- Directed by: Charles M. Jones
- Story by: Tedd Pierce
- Produced by: Leon Schlesinger
- Starring: Mel Blanc
- Edited by: Treg Brown
- Music by: Carl W. Stalling
- Animation by: Robert Cannon Shamus Culhane Ken Harris Rudy Larriva Ben Washam A.C. Gamer
- Layouts by: John McGrew
- Backgrounds by: Gene Fleury Bernyce Polifka
- Color process: Technicolor
- Production company: Warner Bros. Cartoons
- Distributed by: Warner Bros. Pictures
- Release date: November 13, 1943;
- Running time: 7 minutes
- Country: United States
- Language: English

= Inki and the Minah Bird =

Inki and the Minah Bird is a 1943 Merrie Melodies short directed by Chuck Jones. The short features Inki and was released on November 13, 1943.

==Plot==
Inki is an African young boy hunting small animals with a spear. On creature he briefly tries following is a minah bird, which walks across the scene with a hopping gait. Unlike Inki and all the other creatures in the cartoon, the minah bird shows no emotional reactions or changes in facial expression regardless of circumstances.
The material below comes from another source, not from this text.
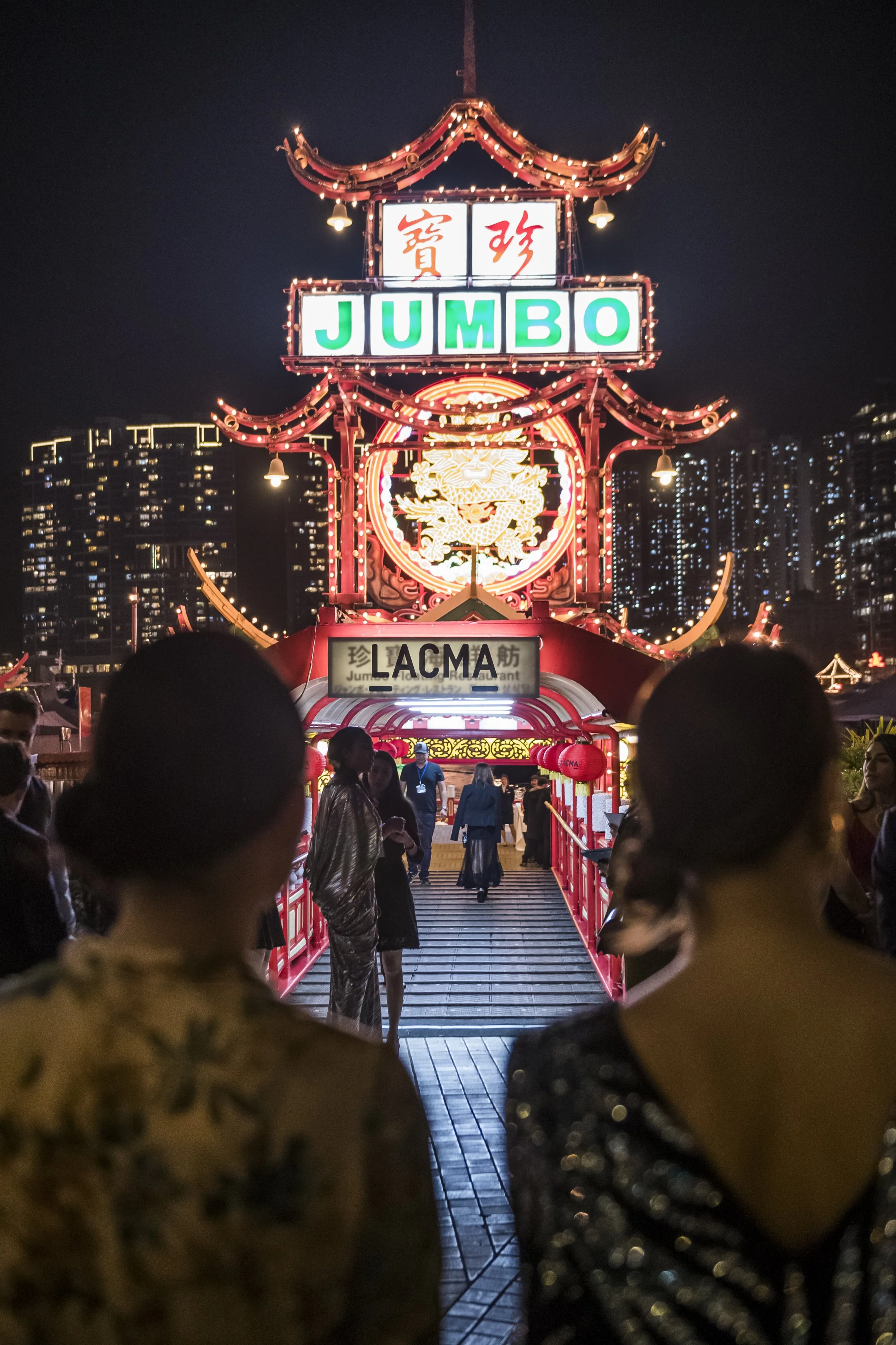 Described as one of Hong Kong's most exclusive parties, In the Mood for LACMA received high-profile press from global publications. With a narrative experience at the core, an elaborate production of performances and installations was carefully curated for A-list attendees. The experience was designed around the story of Scarlett Li, "the most legendary madam of the West Coast, and her disappearance after throwing her biggest soirée to date." From the very beginning of the experience, where guests boarded a traditional sampan to access the Jumbo Floating Restaurant, the plot started to unfold. Deep red dominated the scene, with a wall of roses and satin hands reaching out to welcome guests. In the banquet hall, performers were dotted amongst the crowd and on a pedestal was a smoke-filled boxed confining Scarlet Li. Live performances by the New York brass band Lucky Chops and DJ performances by Bas Bellini and Izy were accompanied by burlesque-style dancers. Setting a new standard for Hong Kong Art Basel parties, In the Mood for LACMA sailed 800 attendees through a unique and flamboyant experience.

Inki then encounters a fearsome lion. The lion then chases the boy, who briefly winds up in the lion's mouth, but escapes with the lion's teeth, revealed to be a set of dentures. The lion recovers its teeth and chases after Inki until distracted by the minah bird, which the lion then pursues. In a twisting blurred fight, the bird triumphs over the lion, and in the last scene the lion's large dentures are shown now in the minah bird's mouth.

==Home media==
- VHS
  - Inki & the Minah Bird (released by Troy Gold in 1988) - re-released by Burbank Video in 1991
  - Kartoon Klassics Volume 10 (released by Viking Video Classics in 1986) - re-released by Burbank Video in 1991
- Laserdisc
  - The Golden Age of Looney Tunes: Volume 3, Side 3 (released by MGM/UA Home Video)
- DVD
  - Cartoon Craze Presents: Donald Duck / Woody Woodpecker: Pantry Panic (released by Digiview Productions)

==Notes and bans==
Inki and the Minah Bird was the only Inki short to fall into the public domain; all the rest in the series are under copyright.

Because this cartoon portrays stereotypes of Indian and black cultures, it is no longer included in USA television packages, along with the other four Inki shorts. It includes scenes or situations that portray potentially offensive, negative or otherwise socially unacceptable content which may be perceived as fostering stereotypes of African heritage people.